Author: ackatt
24 - April - 2010

Discrimination in the Workplace

Gay Discrimination in the Workplace


In my book, A Matter of Trust, Brian Murphy is employed by Drummond Realty, which is touted as a gay-friendly environment. He finds out quickly that although the owner of the firm, Donald Drummond, is gay, the company policy against discrimination doesn’t trickle down to the trenches. Hired to work in the Information Technology Division, Brian finds himself relegated to the Mailroom after a run-in with an administrative assistant with a boss distracted by a messy divorce.

Brian’s situation is not uncommon. According to an article by Bruce Mirken for Consumer Health Interactive, one-quarter to two thirds of lesbian, gay and bisexual people have lost jobs or been denied promotions because of their sexual orientation. Gay workers earn less money than their equally educated counterparts.

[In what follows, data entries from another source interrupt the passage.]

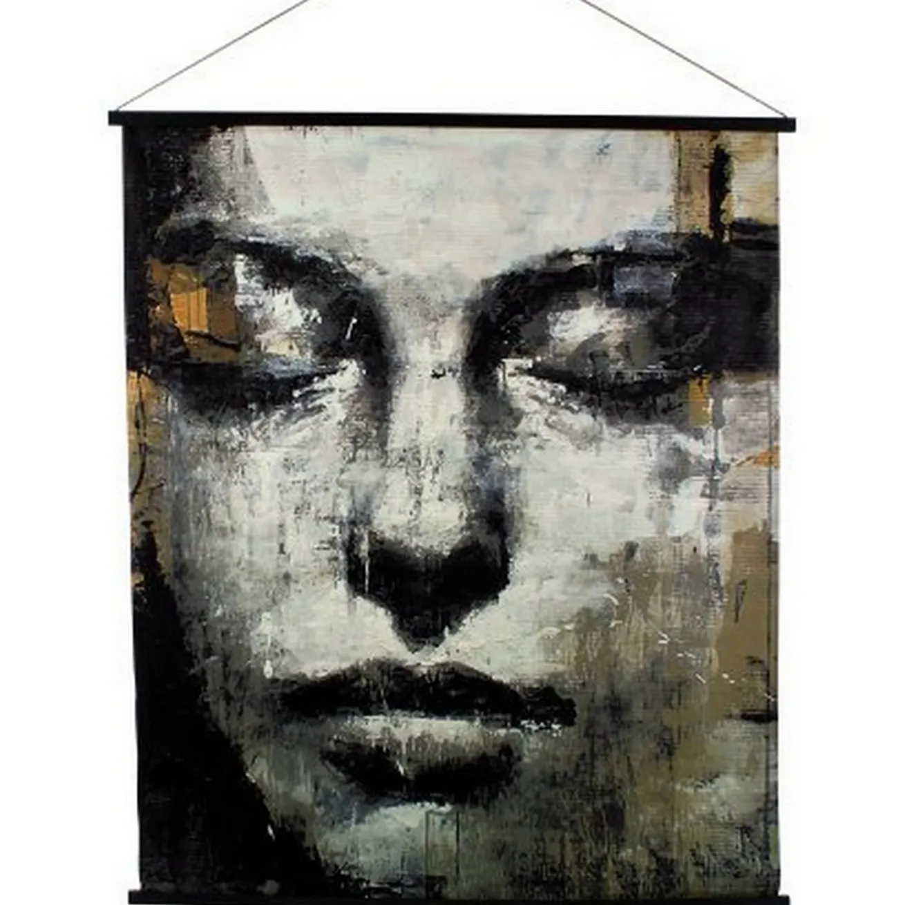 Die trendige Wanddeko in Form eines Hängebildes aus Textilstoff zeigt das Gesicht einer jungen Frau stark abstrahiert in den Farbe schwarz und gold. Ein Must Have für jede Wohnung. Es ist kein Leinwandbild, sondern ein stoffbild. Dank der Schnur bietet sich die Möglichkeit, das Produkt mit dem Motiv direkt aufzuhängen.
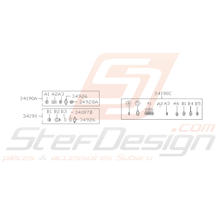 Schéma de l'ensemble du Kit de réparation du boitier de crémaillère de direction Origine Subaru GT 98-00
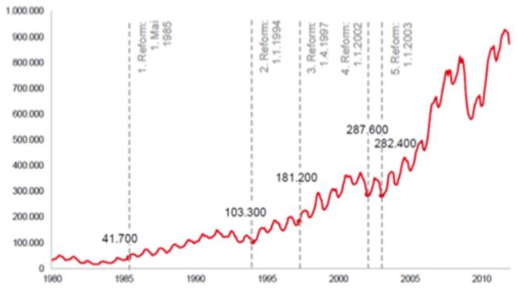 圖2 1990年-2010年德國(guó)就業(yè)市場(chǎng)
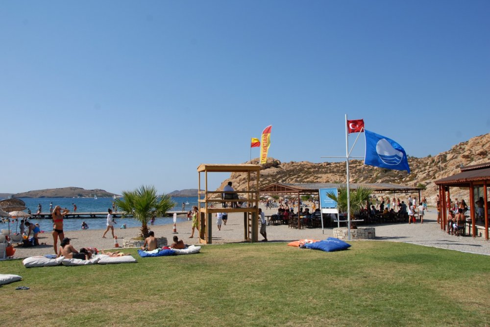 Mavi Bayrak, gerekli standartları taşıyan nitelikli plaj ve marinalara verilen uluslararası bir çevre ödülü. Plajlar için 33, marinalar için 24 mavi bayrak kriteri bulunuyor. Bu kriterler plajda yüzme suyu kalitesi, çevre eğitimi ve bilgilendirme, çevre yönetimi, can güvenliği ve hizmetler başlıkları altında toplanıyor. 15 gün arayla iki parametrede ve sezon süresince deniz suyu numunesi alınıp mikrobiyolojik düzeyde analizlerin yapılması, tesisin paket arıtma tesisi veya belediyenin arıtma tesisi kurmuş olması önemli kriterlerin başında yer alıyor. Mavi bayrak adayı plajlar için İl Sağlık Müdürlüğü tarafından belirlenen numune noktalarından Mayıs ayı başı ile Eylül ayı sonuna kadar sezon boyunca deniz suyu numunesi alınıyor.
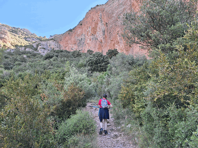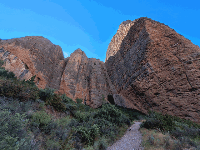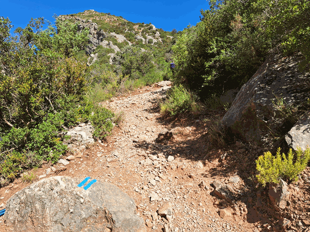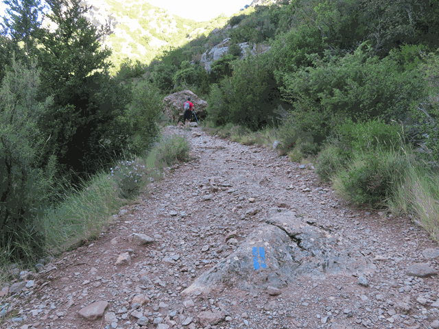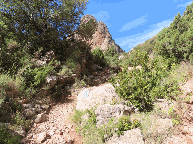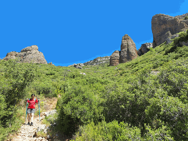 Seguimos subiendo a la sombra de los grandes mallos por la senda que sigue presentando abundante gravilla y piedra suelta. Marcas azules pintadas en las rocas nos siguen indicando la dirección.

Discrimination can take place subtly or overtly. In A Matter of Trust, Brian faces both overt and covert hostility. Mirken article states, “promotions…mysteriously go to less-qualified employees or a constant barrage of insults and antigay jokes that create a hostile, threatening atmosphere” are just some of the forms that homosexual bias can take.

Unfortunately that bias can extend to men or women whose “supervisors or co-workers believe he or she is gay,” even when their assumption is wrong. This kind of behavioral bias in the workplace is not illegal under present federal law. Gender discrimination is currently illegal in California, Colorado, Connecticut, Hawaii, Illinois, Iowa, Maine, Maryland, Massachusetts, Minnesota, Nevada, New Hampshire, New Jersey, New Mexico, New York, Oregon, Rhode Island, Vermont, Washington, and Wisconsin. Delaware, Indiana, Michigan, Montana, and Pennsylvania protect against discrimination in public workplaces only. In the rest of the United States, if you are gay or lesbian, you are at risk unless your local municipality has and enforces anti-discrimination laws.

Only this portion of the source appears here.